Provided information:
== Segment start ==
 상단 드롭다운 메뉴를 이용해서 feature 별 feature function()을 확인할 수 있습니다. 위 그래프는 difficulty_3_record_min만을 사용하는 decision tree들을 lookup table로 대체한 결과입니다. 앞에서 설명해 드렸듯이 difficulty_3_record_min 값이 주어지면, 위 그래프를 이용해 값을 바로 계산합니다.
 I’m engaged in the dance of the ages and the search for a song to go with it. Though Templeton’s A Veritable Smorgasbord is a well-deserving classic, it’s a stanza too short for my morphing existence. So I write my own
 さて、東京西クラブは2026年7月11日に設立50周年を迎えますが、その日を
== Segment end ==
== Segment start ==
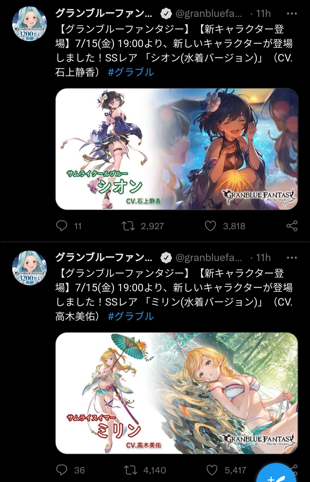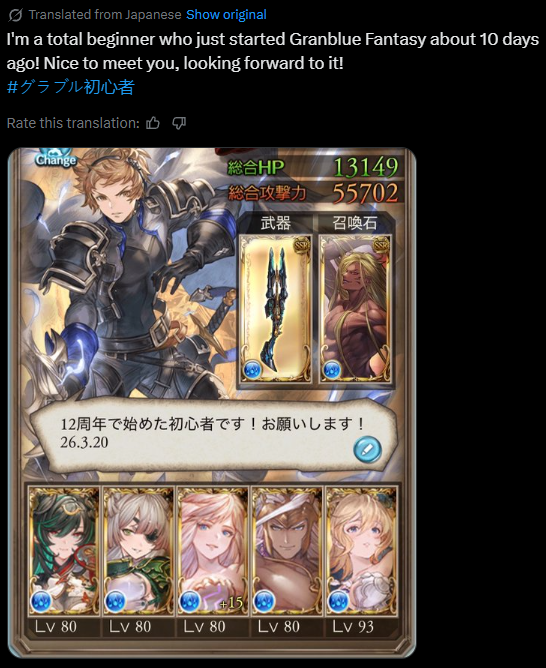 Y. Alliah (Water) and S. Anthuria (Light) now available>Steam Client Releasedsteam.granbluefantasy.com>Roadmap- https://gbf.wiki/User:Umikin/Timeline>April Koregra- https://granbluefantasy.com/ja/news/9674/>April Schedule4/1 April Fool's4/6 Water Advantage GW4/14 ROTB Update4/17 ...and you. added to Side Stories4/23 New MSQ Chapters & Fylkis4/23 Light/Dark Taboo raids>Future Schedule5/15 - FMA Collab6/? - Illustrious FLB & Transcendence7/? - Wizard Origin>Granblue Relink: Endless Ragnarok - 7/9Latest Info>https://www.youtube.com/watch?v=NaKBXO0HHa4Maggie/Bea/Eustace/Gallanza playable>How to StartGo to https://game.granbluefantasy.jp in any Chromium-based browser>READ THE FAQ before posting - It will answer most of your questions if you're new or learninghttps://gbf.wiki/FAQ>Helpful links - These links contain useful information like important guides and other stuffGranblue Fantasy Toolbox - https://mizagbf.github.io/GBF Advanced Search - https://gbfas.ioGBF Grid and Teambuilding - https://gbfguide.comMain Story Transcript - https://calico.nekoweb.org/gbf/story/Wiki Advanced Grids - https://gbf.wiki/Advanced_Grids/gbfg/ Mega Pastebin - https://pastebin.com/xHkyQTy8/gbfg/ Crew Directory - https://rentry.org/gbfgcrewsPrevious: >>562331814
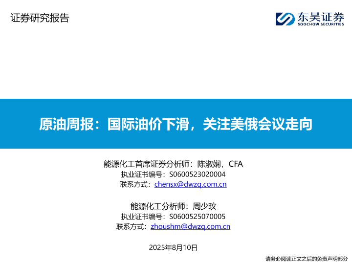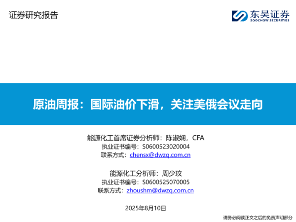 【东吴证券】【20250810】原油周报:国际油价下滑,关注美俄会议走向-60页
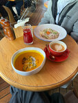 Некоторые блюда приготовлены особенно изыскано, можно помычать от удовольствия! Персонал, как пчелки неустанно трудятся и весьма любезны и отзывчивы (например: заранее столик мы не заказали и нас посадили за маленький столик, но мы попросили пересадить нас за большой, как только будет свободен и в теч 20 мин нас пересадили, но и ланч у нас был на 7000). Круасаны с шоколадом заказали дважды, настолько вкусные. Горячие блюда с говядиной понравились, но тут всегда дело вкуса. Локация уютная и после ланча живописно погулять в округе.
== Segment end ==
Work task: From the data above, output only the lines between the line containing "상단 드롭다운 메뉴를" and the line containing "I’m engaged in", inclusive, exactly as written.

Solved problem:
 상단 드롭다운 메뉴를 이용해서 feature 별 feature function()을 확인할 수 있습니다. 위 그래프는 difficulty_3_record_min만을 사용하는 decision tree들을 lookup table로 대체한 결과입니다. 앞에서 설명해 드렸듯이 difficulty_3_record_min 값이 주어지면, 위 그래프를 이용해 값을 바로 계산합니다.
 I’m engaged in the dance of the ages and the search for a song to go with it. Though Templeton’s A Veritable Smorgasbord is a well-deserving classic, it’s a stanza too short for my morphing existence. So I write my own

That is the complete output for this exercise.